PENGERTIAN DAN KASUS PERUSAHAAN
YANG MENYIMPANG DARI GOOD CORPORATE GOVERNANCE ( GCG)
Tata
Kelola Perusahaan (bahasa
Inggris: corporate governance) adalah rangkaian proses,
kebiasaan, kebijakan, aturan, dan institusi yang memengaruhi pengarahan,
pengelolaan, serta pengontrolan suatu perusahaan atau
korporasi. Tata kelola perusahaan juga mencakup hubungan antara para pemangku kepentingan (stakeholder)
yang terlibat serta tujuan pengelolaan perusahaan. Pihak-pihak utama dalam tata
kelola perusahaan adalah pemegang
saham, manajemen, dan dewan direksi. Pemangku
kepentingan lainnya termasuk karyawan, pemasok, pelanggan, bank dan kreditor
lain, regulator, lingkungan, serta masyarakat luas.
Tata
kelola perusahaan adalah suatu subjek yang memiliki banyak aspek. Salah satu
topik utama dalam tata kelola perusahaan adalah menyangkut masalah akuntabilitas dan
tanggung jawab mandat, khususnya implementasi pedoman dan mekanisme untuk
memastikan perilaku yang baik dan melindungi kepentingan pemegang saham. Fokus
utama lain adalah efisiensi ekonomi yang menyatakan bahwa sistem tata kelola
perusahaan harus ditujukan untuk mengoptimalisasi hasil ekonomi, dengan
penekanan kuat pada kesejahteraan para pemegang saham.

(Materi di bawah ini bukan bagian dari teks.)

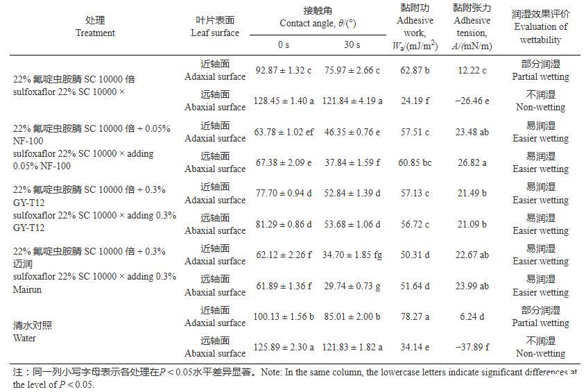 表2數據顯示,水滴在蘋果葉片近軸面和遠軸面上30 s時的穩定接觸角分別為85.01°和121.83°,由此判斷蘋果葉片的近軸面為親水表面,遠軸面為疏水表面。未添加助劑時,22%氟啶蟲胺腈SC液滴在近軸面0~30s的接觸角動態變化為92.87°~75.97°,在遠軸面0~30 s的接觸角始終大于120°,說明22%氟啶蟲胺腈SC藥液對蘋果葉片近軸面可部分潤濕,對遠軸面無法潤濕。添加3種助劑后,藥液液滴在近軸面及遠軸面的接觸角均顯著降低至90°以下(P<0.05),此時可以同時潤濕兩種表面;其中在親水性近軸面0 s和30 s的接觸角分別降低15.2°~30.8°和23.2°~41.3°,在疏水性遠軸面分別降低47.2°~65.7°和68.0°~93.5°,說明添加助劑顯著降低了藥液的接觸角,且在遠軸面接觸角的降低幅度更大。
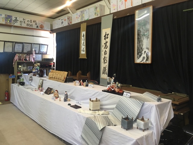2018年08月04日(土) 活動日記 うらじゃ&作品発表会 化粧ブースの準備が終了後、作品発表会へ。谷万成町内会と万成病院の関係者の皆さんが、自分達が造られた素晴らしい作品を展示されています。明日も開催していますので、ぜひ谷万成公会堂へ足をお運びください。
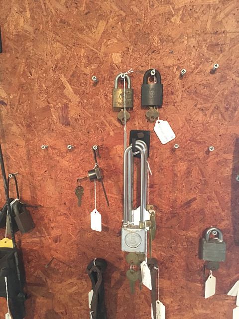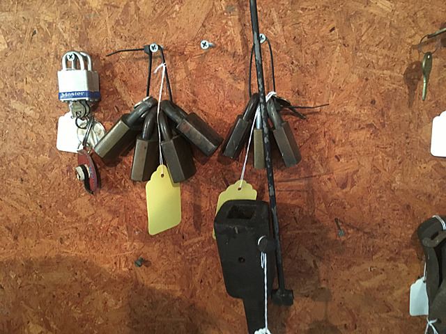 Master locks, 2 large farm pullies, vintage hardware, from the farm
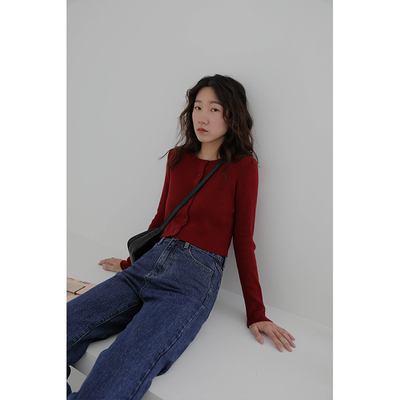 Áo len dệt kim ngắn tay dài 5siss len 2018 mùa thu mới cho người đàn ông nhỏ bé rốn bó sát áo len nữ
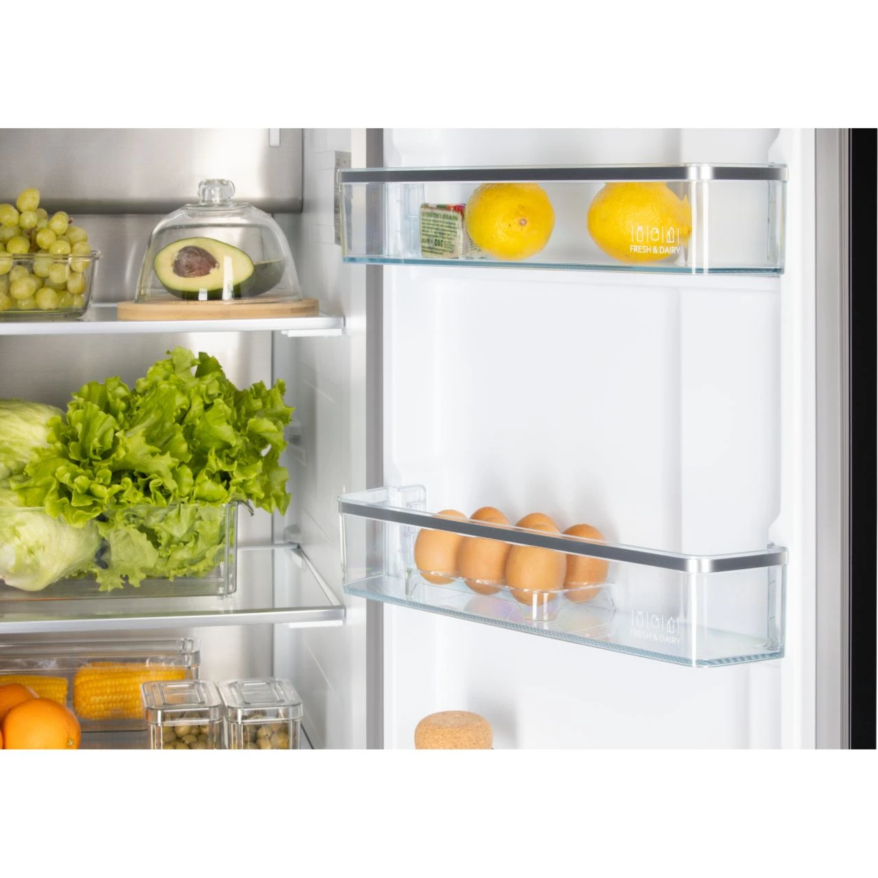 Наполнение холодильной камеры2 х полки, 1 х ящик для овощей/фруктов, 2 х лотка для яиц (х 6 шт.)
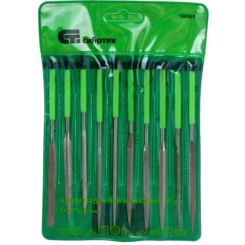 Набор алмазных надфилей предназначен для опиливания твердых поверхностей — стекла, металла, камня, керамики. В комплекте надфили с самыми распространенными профилями, благодаря чему можно обрабатывать плоские детали, пазы, углы, отверстия, сложные грани и рельефные поверхности. Набор будет полезен при проведении слесарных или ремонтно-отделочных работ, пригодится и в быту.
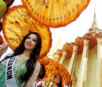 Temple of the Emerald Buddha in Bangkok May 11, 2005. The Miss Universe 2005
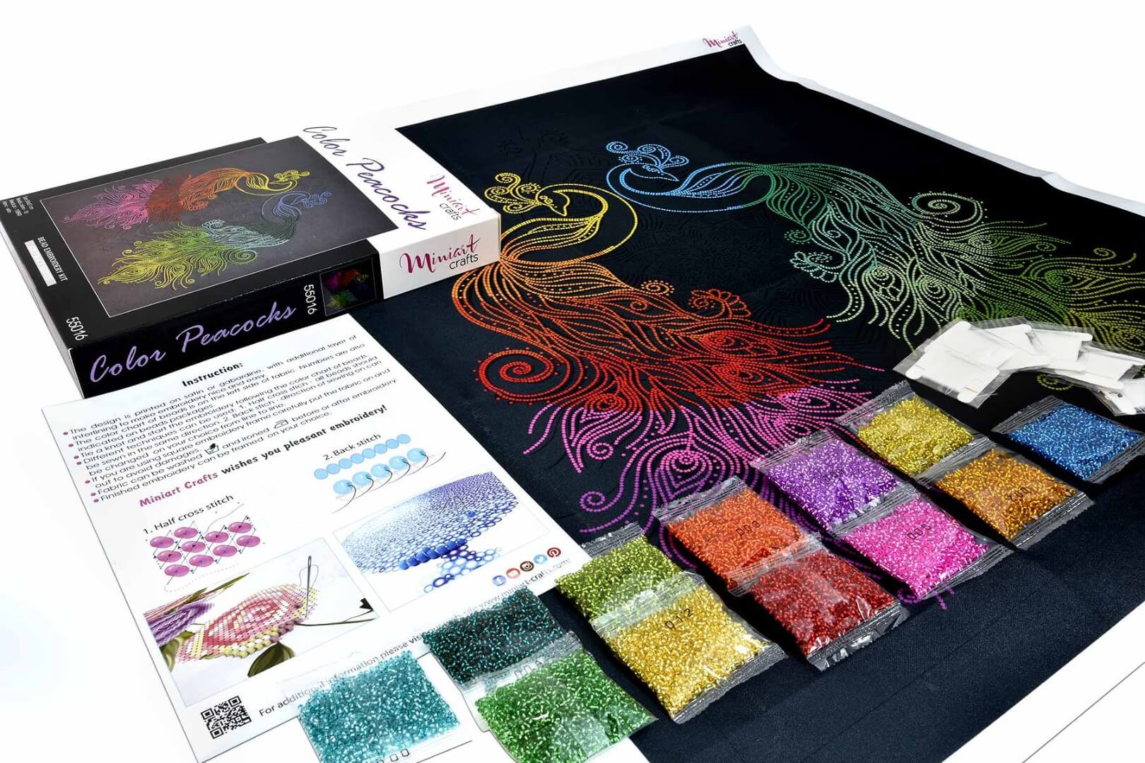 Набор для вышивания бисером Цветные павлины, арт. MC-55016, ТМ Miniart Crafts содержит схему, напечатанную на сатине, бисер Preciosa (Чехия), иглу и нить для вышивки.
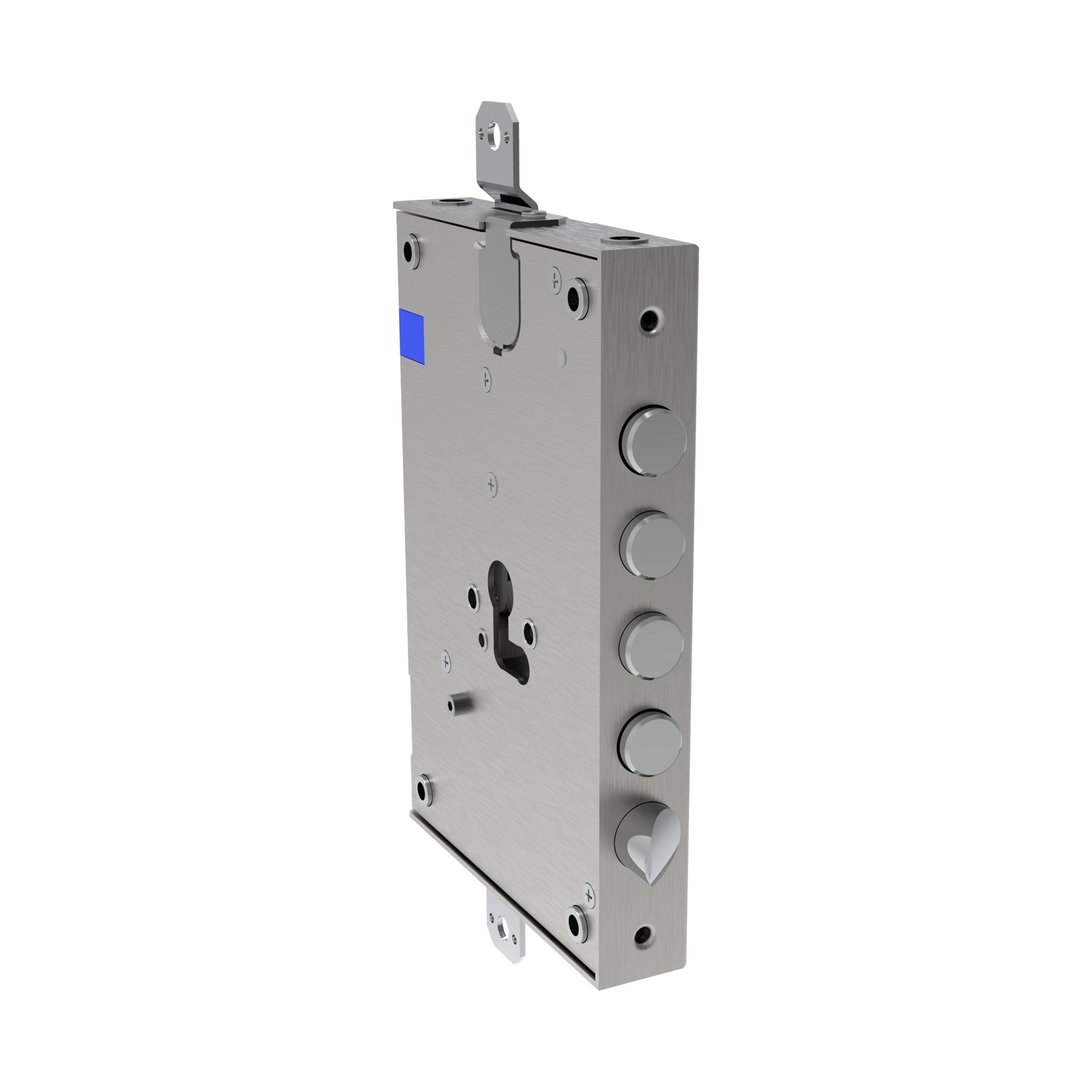 bBLOCK è una serratura meccatronica smart, ovvero una serratura interamente meccanica che si sblocca prima elettronicamente e poi meccanicamente. È predisposta per cilindro europeo, disponibile sia in versione pomolo-pomolo che in versione chiave-pomolo, per porte blindate.
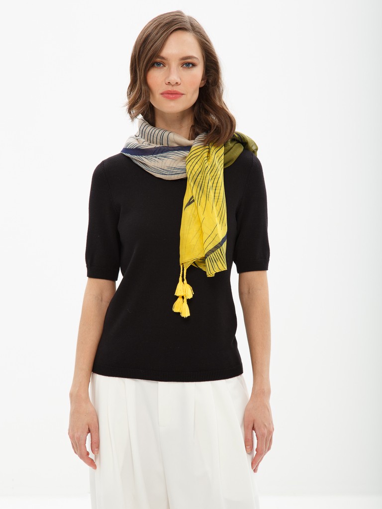 Палантин  женский торговой марки Labbra. Состав: 50% модал, 50% хлопок. Тип подгибки: машинная подгибка, кисти. Размер: 70х180см.
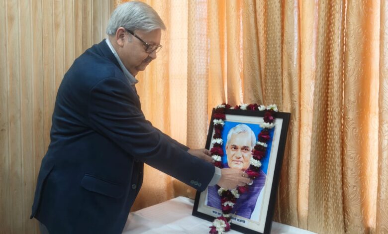 आगरा। जनपद के सभी सामुदायिक स्वास्थ्य केन्द्रो पर आयोजित हुआ भारत रत्न अटल बिहारी वाजपेई के जयंती कार्यक्रम भारत रत्न पूर्व प्रधानमंत्री अटल बिहारी वाजपेई के जयंती के अवसर पर आज दिनांक 25 12 2025 को मुख्य चिकित्सा अधिकारी कार्यलय सभागार में भारत रत्न अटल बिहारी वाजपेई के चित्र पर मुख्य चिकित्सा अधिकारी डॉ अरुण श्रीवास्तव तथा अन्य अधिकारियों और कर्मचारियों ने माल्यार्पण किया और अपने अपने श्रद्धा सुमन अर्पित किये डॉ नंदन सिंह,डॉक्टर अंशुल पारीक, डॉक्टर ऋषि गोपाल, डॉ एस के राहुल उपमुख्य चिकित्सा अधिकारी ने व्याख्यान कार्यक्रम में बोलते हुए माननीय अटल बिहारी वाजपेई द्वारा राष्ट्र को दिए गए योगदान के विषय में चर्चा की व्याख्यान कार्यक्रम का संचालन करते हुए स्वास्थ्य शिक्षा अधिकारी पंकज जायसवाल उनके जीवन परिचय तथा संघर्षों के विषय में चर्चा की वित्त एवं लेखा अधिकारी श्री राहुल गौतम ने प्रधानमंत्री रहते हुए परमाणु परीक्षण तथा कारगिल युद्ध के समय लिए गए साहसिक निर्णय के विषय में चर्चा की, जिला कार्यक्रम प्रबंधक श्री कुलदीप भारद्वाज में उनके काव्य हृदय तथा कोमल व्यक्तित्व पर चर्चा की, अंत में मुख्य चिकित्सा अधिकारी डॉक्टर अरुण श्रीवास्तव ने माननीय प्रधानमंत्री भारत रत्न श्री अटल बिहारी वाजपेई से अपने मुलाकात के संस्मरण की चर्चा करते हुए उनके सहज, सरल और काव्य व्यक्तित्व के विषय में चर्चा किया और व्याख्यान कार्यक्रम में उपस्थित सभी अधिकारियों और कर्मचारियों का धन्यवाद दिया,जन्म सती वर्ष व्याख्यान कार्यक्रम में श्री विकास शर्मा,श्री सुभाष चौधरी,श्री अजीत,श्री एसपी सत्संगी,श्री सचिन, श्री दीपक श्रीवास्तव,श्री आर के चौधरी,श्री मती शिखा सक्सेना ,दिनेश,बॉबीआदि उपस्थित थे।
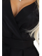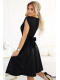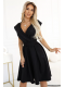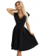 348-10 SCARLETT rozkloszowana sukienka z kopertowym dekoltem i paskiem - CZARNA Z BROKATEM S
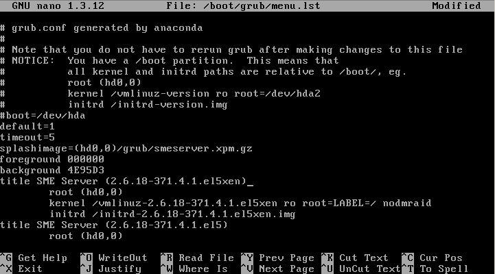 Modify the /boot/grub/menu.lst file by changing the lines under title SME Server (2.6.18-341.4.1.el5xen) into:
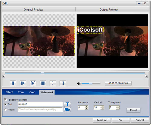 The software allows you to add both text and picture watermark according to your need. You can adjust the size, font, color, etc. for the text watermark. You can also easily adjust the location and transparency of the watermark.
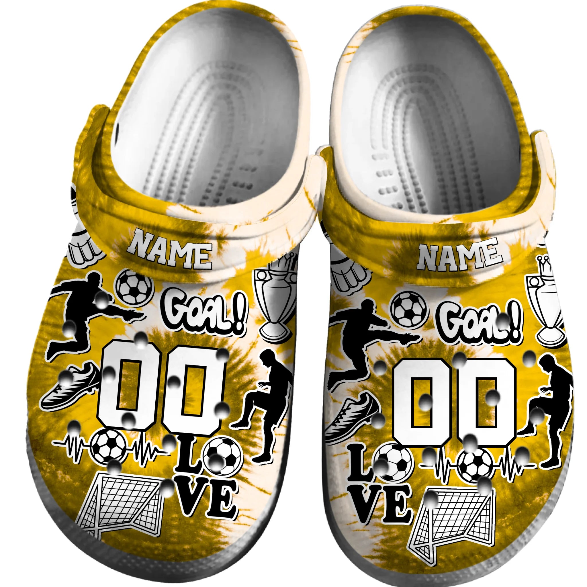 Yellow Tie-Dye Soccer Sport Custom Crocs And Clogs Shoes Printed For Men Women And Kids
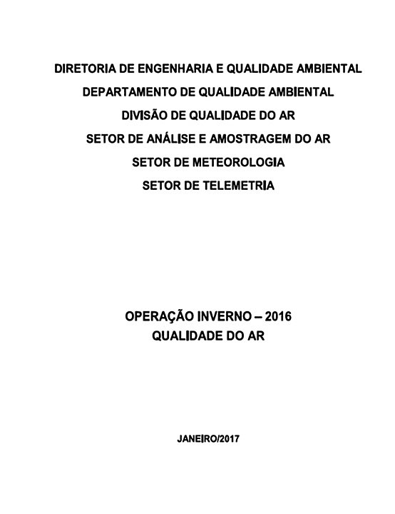 Qualidade do ar , Controle da qualidade do ar , Poluentes atmosféricos , Operação inverno , RCET , Arquivo técnico , São Paulo (BR) , São Paulo (RMSP) , Baixada Santista
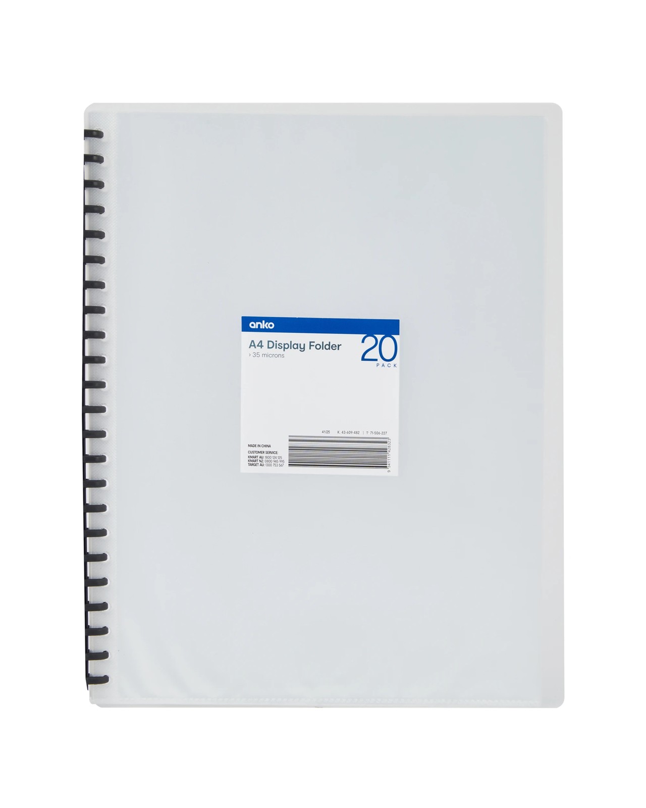 Bring a new level of order to your paperwork with the Anko A4 Display Folder, perfect for school, personal projects or any task that calls for smart organisation. Its crystal-clear cover lets you easily spot what you need at a glance, while the smooth spiral binding makes flipping through assignments, notes or important files a breeze. Featuring 20 handy pockets, you’ll have plenty of space to keep your documents neat and within reach, no matter where your day takes you. Lightweight and slim, it fits comfortably in your bag, making it simple to stay organised on the move. Enjoy the peace of mind that comes with having all your essentials in one compact, easy-to-access folder – your new go-to for tidy paperwork awaits!
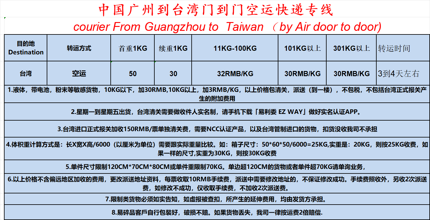 2.台湾空运快递门到门运输, 3到4天左右到

Ada pula sisi lain yang
merupakan subjek dari tata kelola perusahaan, seperti sudut pandang pemangku
kepentingan, yang menuntut perhatian dan akuntabilitas lebih terhadap
pihak-pihak lain selain pemegang saham, misalnya karyawan atau lingkungan.
Perhatian
terhadap praktik tata kelola perusahaan di perusahaan modern telah meningkat
akhir-akhir ini, terutama sejak keruntuhan perusahaan-perusahaan besar AS
seperti Enron Corporation dan Worldcom. Di Indonesia,
perhatian pemerintah terhadap masalah ini diwujudkan dengan didirikannya Komite
Nasional Kebijakan Governance (KNKG) pada akhir tahun 2004.
Dalam good
corporate governance mensyaratkan perlunya perhatian terhadap aspek
internal dan aspek eksternal perusahaan. aspek internal dapat menyangkut
pembiayaan, pemasaran, produksi dan operasional yang sehat. aspek eksternal
berhubungan social responsibility bisnis maupun etika bisnis.
Perusahan
harus mempunyai tanggungjawab kepada masyarakat, antara lain hasil produksi
cukup berkualitas, tidak membahayakan kesehatan atau merusak lingkungan. dapat
juga perusahaan menyumbang untuk kepentingan umum, misalnya memelihara jalan
lokasi perusahaan dan sumbangan fasilitas sosial.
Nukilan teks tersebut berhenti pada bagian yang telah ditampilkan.